## Recorded data
===============
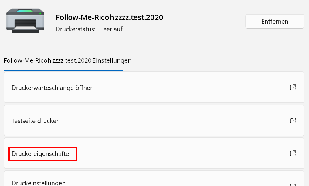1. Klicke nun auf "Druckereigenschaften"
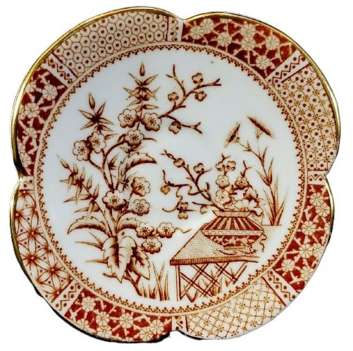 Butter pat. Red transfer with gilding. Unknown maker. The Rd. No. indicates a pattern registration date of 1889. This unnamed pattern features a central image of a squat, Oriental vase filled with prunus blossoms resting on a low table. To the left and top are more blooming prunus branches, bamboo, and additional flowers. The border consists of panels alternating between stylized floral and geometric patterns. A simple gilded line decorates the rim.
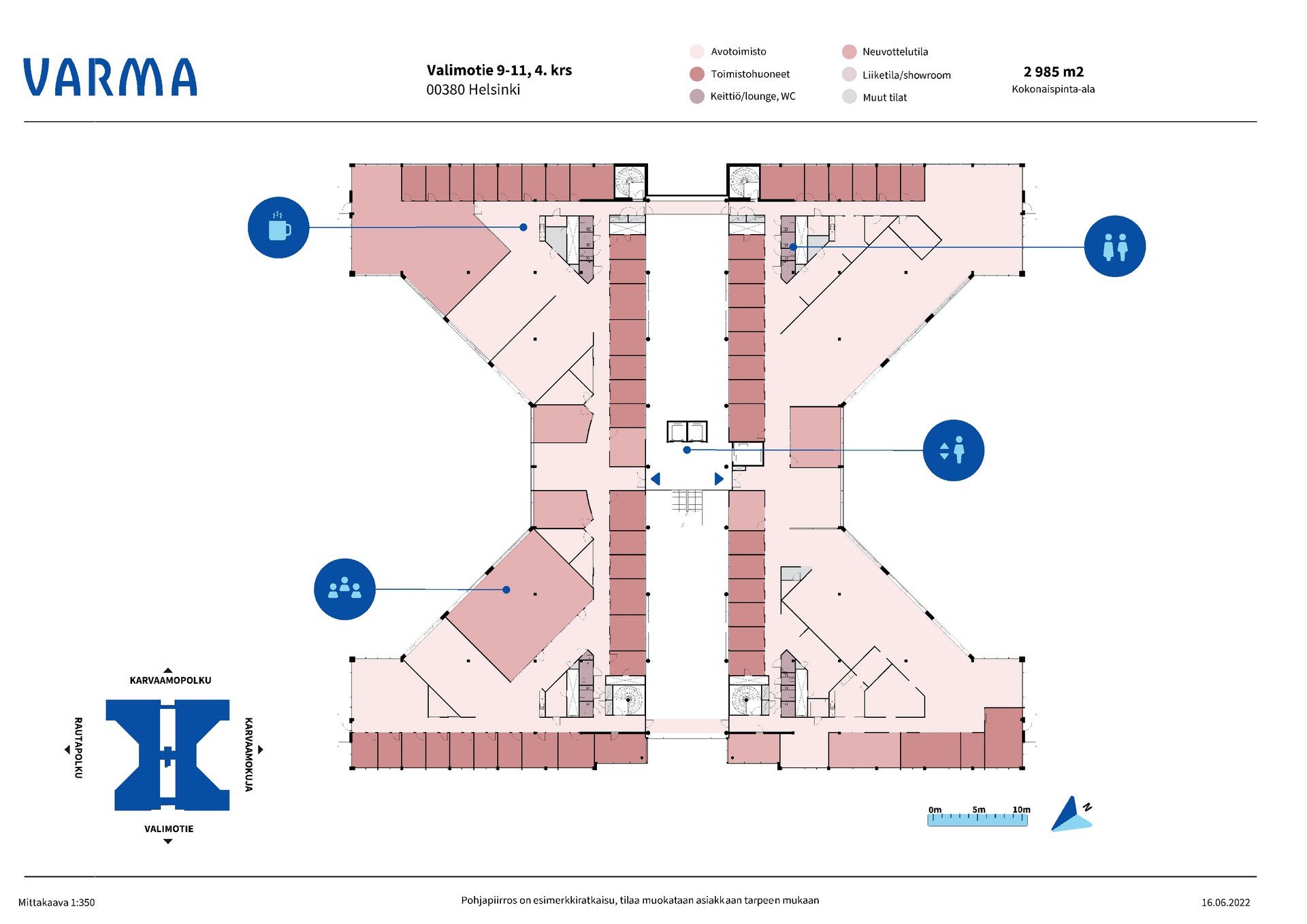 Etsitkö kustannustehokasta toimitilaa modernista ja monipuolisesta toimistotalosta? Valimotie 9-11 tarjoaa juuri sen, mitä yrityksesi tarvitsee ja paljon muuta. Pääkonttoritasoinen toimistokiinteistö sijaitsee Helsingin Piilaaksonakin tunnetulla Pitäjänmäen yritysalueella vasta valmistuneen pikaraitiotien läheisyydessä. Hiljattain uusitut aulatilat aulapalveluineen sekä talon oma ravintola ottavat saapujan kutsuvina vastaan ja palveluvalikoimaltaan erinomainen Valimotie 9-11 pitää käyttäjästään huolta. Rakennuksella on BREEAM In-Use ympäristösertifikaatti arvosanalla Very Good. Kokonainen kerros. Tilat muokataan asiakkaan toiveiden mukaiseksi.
===============
## Goal of the exercise
Take the material above from its first line through the line holding "Butter pat. Red" and set it down exactly, without the pictures.

## Response area
1. Klicke nun auf "Druckereigenschaften"
 Butter pat. Red transfer with gilding. Unknown maker. The Rd. No. indicates a pattern registration date of 1889. This unnamed pattern features a central image of a squat, Oriental vase filled with prunus blossoms resting on a low table. To the left and top are more blooming prunus branches, bamboo, and additional flowers. The border consists of panels alternating between stylized floral and geometric patterns. A simple gilded line decorates the rim.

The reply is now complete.